# Using MacBook Pro as DAW Machine...Will It Overheat and Crumble Over Time?



## Prockamanisc (Apr 5, 2018)

I'm using a MBP with Touchbar as my Master (running Cubase with a lot of stuff going on), and I've connected it to a PC Slave. The fan is constantly running, and I'm wondering if it would eventually overheat or degrade over time. 

I'm trying to make this machine last, since my last 2 MacBook Pros had graphics card issues and died wayyyy too prematurely.


----------



## KEM (Apr 5, 2018)

I use a completely maxed out 2015 MacBook Pro for everything and it works just fine, sometimes the fans will run but it’s never for that long and it’s never actually gotten hot. And just for reference all of my projects will have around 80-100 tracks with midi, multiple effects, automation, etc. so it definitely gets run through it’s paces, but it always holds up and never fails. And if you have a slave to take some of the workload off, and a newer MBP than me I think you’ll be fine.


----------



## Jdiggity1 (Apr 5, 2018)

My 2011 max spec mbp has had 2 logic board replacements, due to overheating and a design flaw with the gpu.
I cant trust mine for intensive work anymore ufortunately.


----------



## Prockamanisc (Apr 5, 2018)

That's my biggest fear.
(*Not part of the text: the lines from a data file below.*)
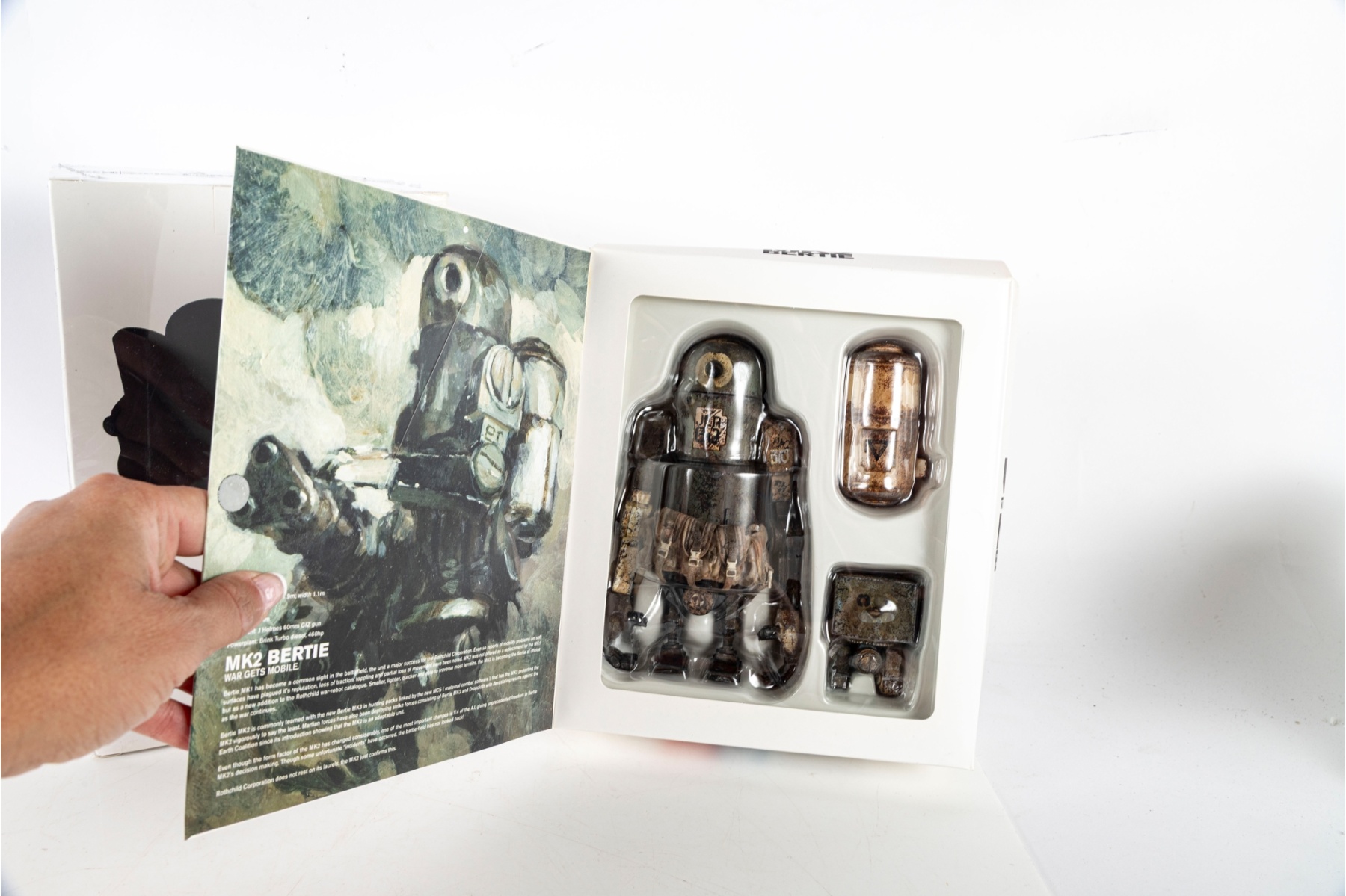 figures appear unused and one factory packaged. boxes show minor to moderate wear, dents, and edge marks from storage and handling. MK2 Bertie box opens to reveal inner display and artwork—contents remain intact and well-preserved.
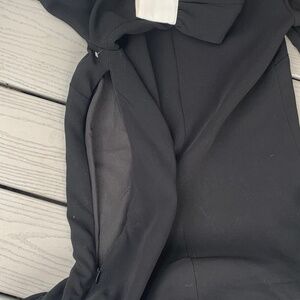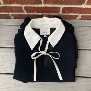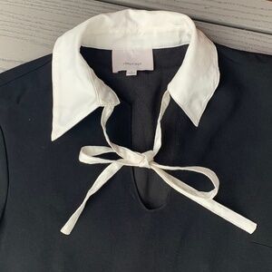 Updated classic black and white shift dress from cinq a sept! Features a slip-on style, split neck with tie, long sleeves with button cuffs, side zipper, flounced hem and made from 69% triacetate, 31% polyester. Size 0. Approx measurements: 34" from top of shoulder to bottom of hem, 16" under arm to under arm, 24" sleeve length. Excellent condition, no tags, with minor dirt/wrinkles throughout. Black and creamy white. Firm price!
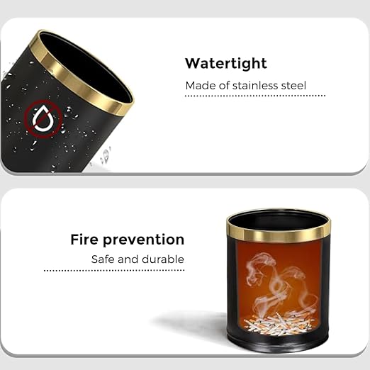 - 【Appearance and material】: This is a textured metal trash can, which is composed of two layers of metal, thick and easy to use.It is a combination of black and gold, stylish and textured, more like an ornament
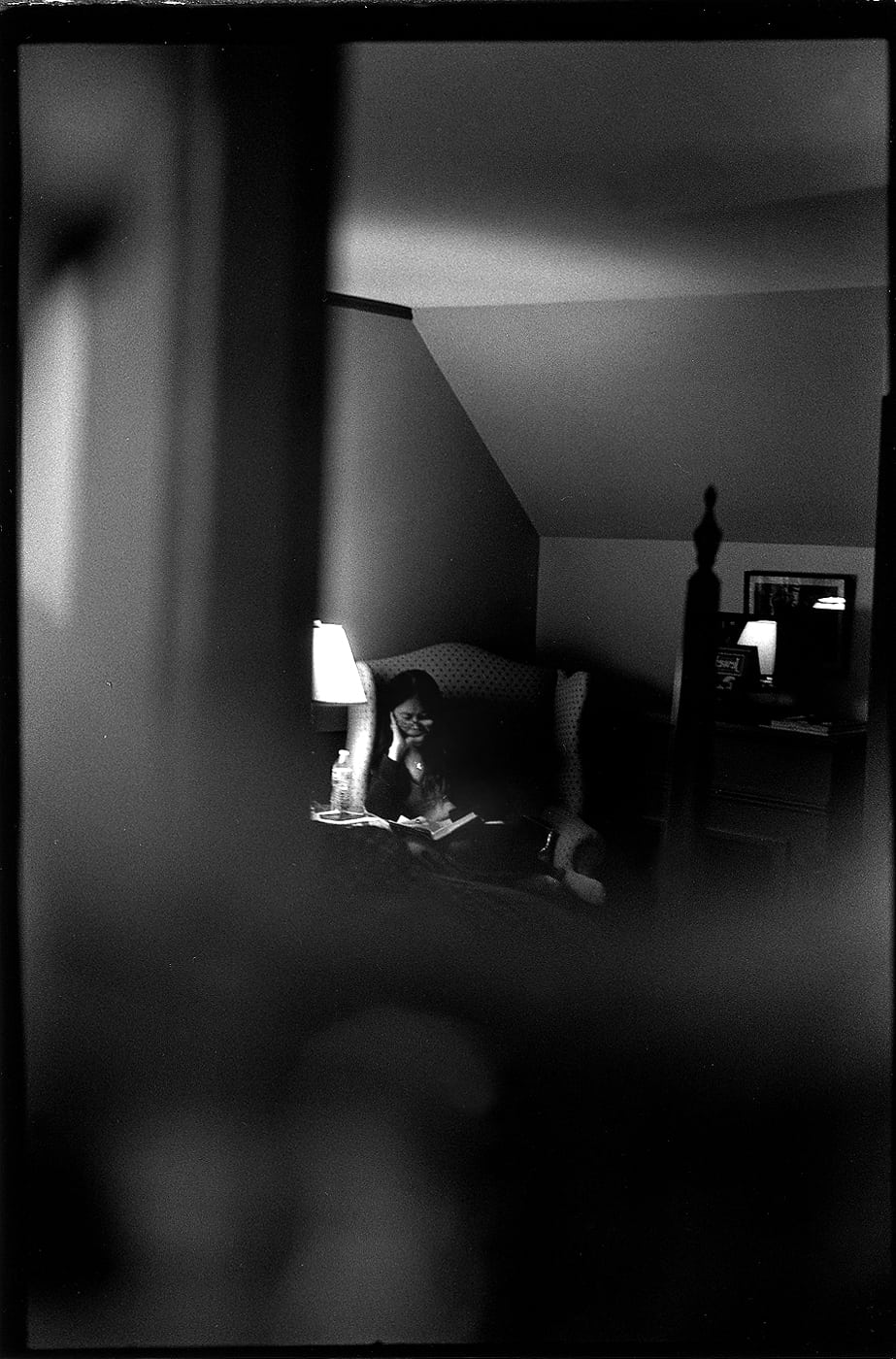 I was about to brush my teeth in the two-sided mirror attached to the bathroom wall when I saw this backward reflected image: the bright lamp, Merla’s face, the old colonial furniture, the geometric shapes of the walls and ceilings. All of it framed by the out-of-focus bathroom door frame at my back. I grabbed the Leica and shot. It was a rare moment – she never knew I took the photo. This image became a sweet memory of the peace we had reading in that room each evening. Photos expand the storage capacity of our brains. A single photo of a single moment – for better or worse – opens a multitude of memories.
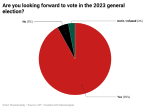 Nigerians’ interest in general elections has reached a record high ahead of the 2023 polls, according to an Africa Polling Institute (API) conducted in partnership with BusinessDay.
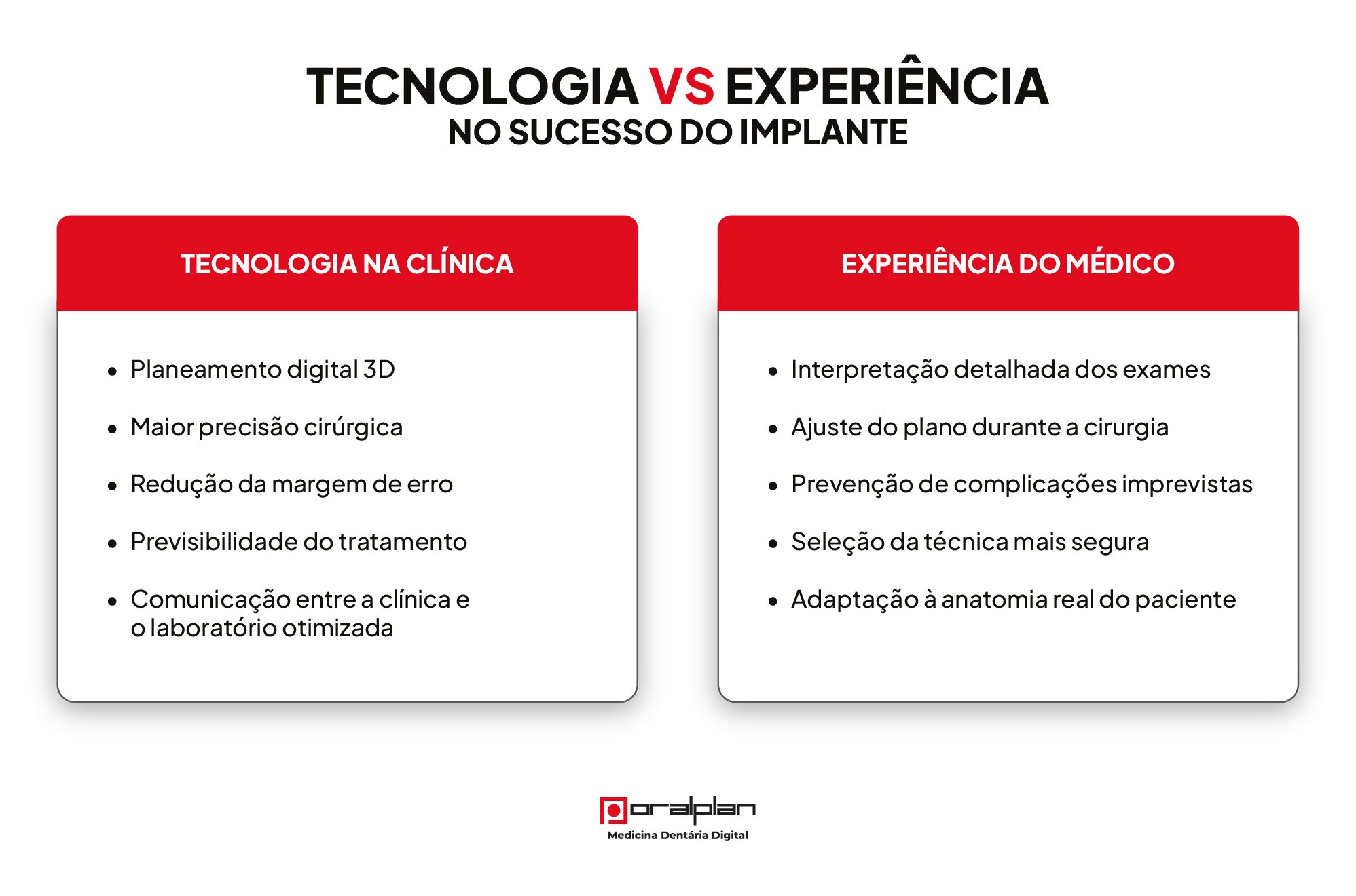 A tecnologia tem um papel fundamental no sucesso dos implantes dentários, oferecendo planeamento digital 3D, maior precisão cirúrgica e uma redução significativa da margem de erro. Permite ainda uma melhor comunicação entre a clínica e o laboratório, tornando o tratamento mais previsível. No entanto, é a experiência do médico que transforma esses recursos em decisões clínicas seguras. Só um profissional experiente consegue interpretar corretamente os exames, ajustar o plano durante a cirurgia, prevenir complicações imprevistas e escolher a técnica mais adequada à anatomia real de cada paciente. Assim, tecnologia e experiência trabalham lado a lado: a primeira oferece ferramentas avançadas; a segunda garante que estas são utilizadas com rigor e discernimento, assegurando resultados consistentes e duradouros.
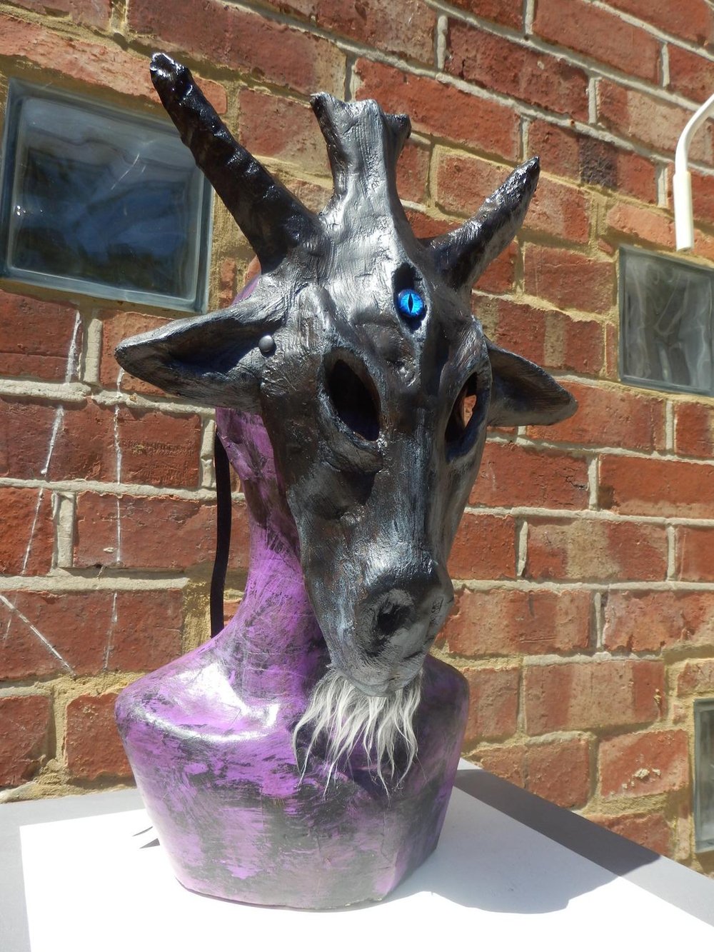 Baphomet Goats head mask made from papier mache using traditional venetian mask making techniques. I sculpted the mask in clay and then took a mould from this, the papier mache is layered inside the mould using recycled paper and non toxic glue paste. Once dry the mask is hand painted and then varnished so that it has a tough finish. The completed mask is tough and light weigh with a bit of give to it as well. Ties onto the head with black ribbons. Has a fake fur goatee beard and demonic third eye !
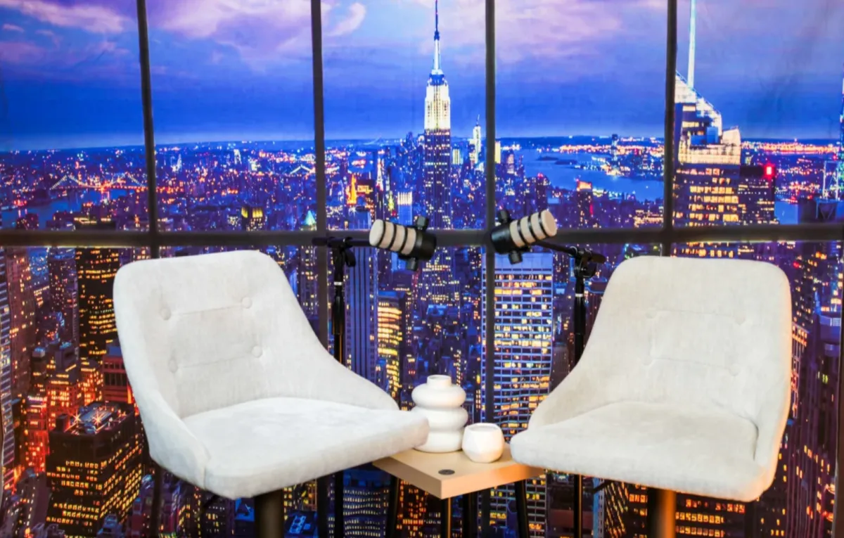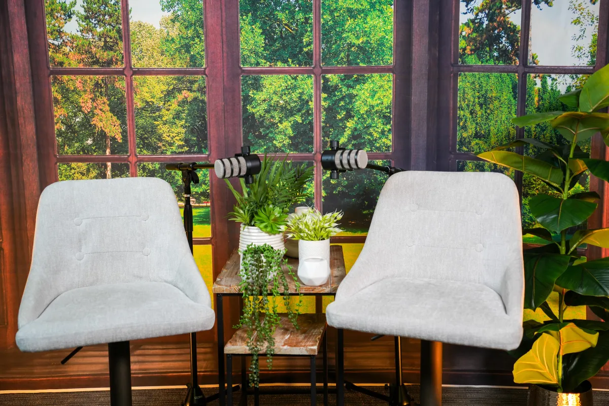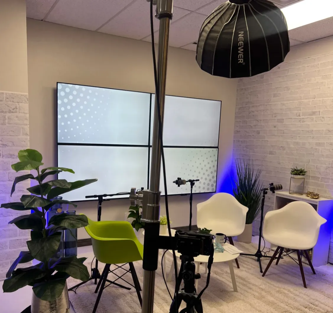 A comfortable, private environment—perfect for interviews, guest sessions, and distraction-free conversations.

I want to avoid overheating at all costs. My last one was a 2010, which, like the 2011 model, had a flaw with the GPU.


----------



## chimuelo (Apr 10, 2018)

Well the newest Intel Mobile CPUs are fantastic Audio Chips.
6 Cores, 64GBs, 30 x PCI Lanes, Optanes fast loading technology, etc.

I’m getting the new Xeon E HEDT Desktop when they become available.
I’m already salivating my next 1U build and Supermicro has come through for me.
Notice the DIMMs are perpendicular for front to back airflow.
But odd that they realease the mobile versions first.
I’m quite sure Apple will be using the 6 Core variant seen below.

Keep in mind they don’t advertise the eDRAM very much. It’s attached to the system or to onboard GFX. It’s been enhanced so this 128MBs of RAM can be assigned as extra CPU Cache for Audio.
I have the original Crystal Well/ Iris GFX i7 5775C CPU.
It’s a fantastic Audio CPU.
I can get extreme voice counts and never get any dropouts or cracklings at ridiculous latency and buffer size settings.

Read a little bit here.

https://www.anandtech.com/show/1260...on-mobile-iris-plus-desktop-chipsets-and-vpro

Here’s why I know an even more powerful HEDT Desktop is going to available.

https://www.supermicro.com/products/motherboard/X11/X11SCZ-Q.cfm






These 6 Core Xeons are going to be the best Audio CPU ever made IMHO.
Look at the TDP. That’s pretty groundbreaking considering the 30 lanes, and Optane M.2 capabilities.

Don’t forget to thank AMD...


----------



## Jeremy Spencer (Apr 12, 2018)

I've been using a 2013 MBP (since new) as the master; never had an issue. I also have it on an inexpensive cooling mat, which I turn on when the MB starts getting warm....but that's typically only when scoring to picture with a lot of tracks playing back.


----------